Exercise — Reproduce the data below word for word, setting aside any picture it holds.

Provided material —
........

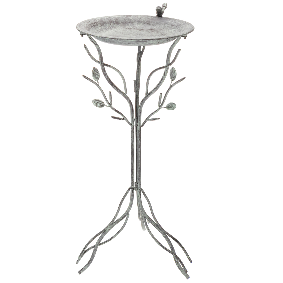Dekoracyjna ptasia kąpiel z delikatnym wzorem liści w stylu vintage, 74 cm
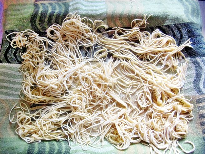 Tăițeii de casă sunt foarte buni, mai ales dacă îi face mama :)) Dacă nu ne-am mai văzut de mult, mi s-au terminat proviziile și a trebuit să prepar eu 😉 Am scos mașina de întins, tăiat tăiței de la ”naftalină” ( nu am mai folosit-o de vreo 18 ani 🙂 și am trecut la treabă. Sincer acum mi se pare tare simplu;) Spor și succes!
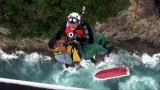 平成21年5月28日、小型漁船が徳島県美波町沖において転覆し、その後船長は岩場に避難しましたが動けなくなったため、吊上げ救助を実施しました。 |

........

Result —
Dekoracyjna ptasia kąpiel z delikatnym wzorem liści w stylu vintage, 74 cm
 Tăițeii de casă sunt foarte buni, mai ales dacă îi face mama :)) Dacă nu ne-am mai văzut de mult, mi s-au terminat proviziile și a trebuit să prepar eu 😉 Am scos mașina de întins, tăiat tăiței de la ”naftalină” ( nu am mai folosit-o de vreo 18 ani 🙂 și am trecut la treabă. Sincer acum mi se pare tare simplu;) Spor și succes!
 平成21年5月28日、小型漁船が徳島県美波町沖において転覆し、その後船長は岩場に避難しましたが動けなくなったため、吊上げ救助を実施しました。 |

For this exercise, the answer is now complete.